Any adequate desktop (or even mobile) GPU made in the last few years has the
bandwidth to spare to do bilinear filtering (if not bicubic or better) when
upscaling a framebuffer to fit a display; you won't see modern video games
ship with filtering turned off because literally every decent piece of
hardware has the bandwidth and cycles to spare to filter._

Are you seriously advocating that Apple use a desktop GPU in their laptops?

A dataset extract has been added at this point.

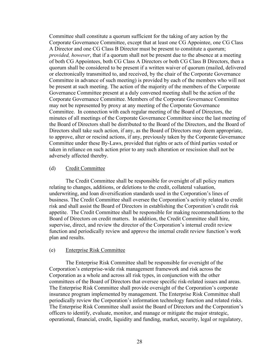 28 Committee shall constitute a quorum sufficient for the taking of any action by the Corporate Governance Committee, except that at least one CG Appointee, one CG Class A Director and one CG Class B Director must be present to constitute a quorum; provided, however, that if a quorum shall not be present due to the absence at a meeting of both CG Appointees, both CG Class A Directors or both CG Class B Directors, then a quorum shall be considered to be present if a written waiver of quorum (mailed, delivered or electronically transmitted to, and received, by the chair of the Corporate Governance Committee in advance of such meeting) is provided by each of the members who will not be present at such meeting. The action of the majority of the members of the Corporate Governance Committee present at a duly convened meeting shall be the action of the Corporate Governance Committee. Members of the Corporate Governance Committee may not be represented by proxy at any meeting of the Corporate Governance Committee. In connection with each regular meeting of the Board of Directors, the minutes of all meetings of the Corporate Governance Committee since the last meeting of the Board of Directors shall be distributed to the Board of the Directors, and the Board of Directors shall take such action, if any, as the Board of Directors may deem appropriate, to approve, alter or rescind actions, if any, previously taken by the Corporate Governance Committee under these By-Laws, provided that rights or acts of third parties vested or taken in reliance on such action prior to any such alteration or rescission shall not be adversely affected thereby. (d) Credit Committee The Credit Committee shall be responsible for oversight of all policy matters relating to changes, additions, or deletions to the credit, collateral valuation, underwriting, and loan diversification standards used in the Corporation’s lines of business. The Credit Committee shall oversee the Corporation’s activity related to credit risk and shall assist the Board of Directors in establishing the Corporation’s credit risk appetite. The Credit Committee shall be responsible for making recommendations to the Board of Directors on credit matters. In addition, the Credit Committee shall hire, supervise, direct, and review the director of the Corporation’s internal credit review function and periodically review and approve the internal credit review function’s work plan and results. (e) Enterprise Risk Committee The Enterprise Risk Committee shall be responsible for oversight of the Corporation’s enterprise-wide risk management framework and risk across the Corporation as a whole and across all risk types, in conjunction with the other committees of the Board of Directors that oversee specific risk-related issues and areas. The Enterprise Risk Committee shall provide oversight of the Corporation’s corporate insurance program implemented by management. The Enterprise Risk Committee shall periodically review the Corporation’s information technology function and related risks. The Enterprise Risk Committee shall assist the Board of Directors and the Corporation’s officers to identify, evaluate, monitor, and manage or mitigate the major strategic, operational, financial, credit, liquidity and funding, market, security, legal or regulatory,

 _Unfortunately, Apple puts tremendously underpowered Intel GPUs into their
Retina macbooks - GPUs that struggle to drive even low-DPI displays or run
games at native resolution - and then expects them to drive displays
containing 4x the pixels. It's no wonder that scrolling performance is
choppy._

None of this is true. First, the 15" retina mbp has a nvidia GT650M along with
an intel gpu. And it's still not enough. Remember that a game running at
2880x1800 using filtering can use memory-bandwidth saving tricks like quincunx
which can't be used in a desktop environment. Moreover, in the 'scaled-up'
1920x1200 mode the rMBP supports, the rMBP is essentially super-sampling a
much larger pre-display buffer than 2880x1800

Have a read:

[http://www.anandtech.com/show/6023/the-nextgen-macbook-
pro-w...](http://www.anandtech.com/show/6023/the-nextgen-macbook-pro-with-
retina-display-review/8)

 _At the default setting, either Intel’s HD 4000 or NVIDIA’s GeForce GT 650M
already have to render and display far more pixels than_ either GPU was ever
intended to. At the 1680 and 1920 settings however the GPUs are doing more
work than even their high-end desktop counterparts are used to. _In writing
this article it finally dawned on me exactly what has been happening at Intel
over the past few years._

...

 _To be quite honest, the hardware in the rMBP isn’t enough to deliver a
consistently smooth experience across all applications. At 2880 x 1800 most
interactions are smooth but things like zooming windows or scrolling on
certain web pages is clearly sub-30fps. At the higher scaled resolutions,
since the GPU has to render as much as 9.2MP, even UI performance can be
sluggish. There’s simply nothing that can be done at this point - Apple is
pushing the limits of the hardware we have available today, far beyond what
any other OEM has done. Future iterations of the Retina Display MacBook Pro
will have faster hardware with embedded DRAM that will help mitigate this
problem. But there are other limitations: many elements of screen drawing are
still done on the CPU, and as largely serial architectures their ability to
scale performance with dramatically higher resolutions is limited._

 _One could argue that the choice of terrible Intel GPUs is actually to
improve battery life, not to save money; that might be true. But in that case,
why not include their (rather well implemented) GPU-switching technology in
all Retina macbooks? Why only the 15"?_

It has a bigger battery.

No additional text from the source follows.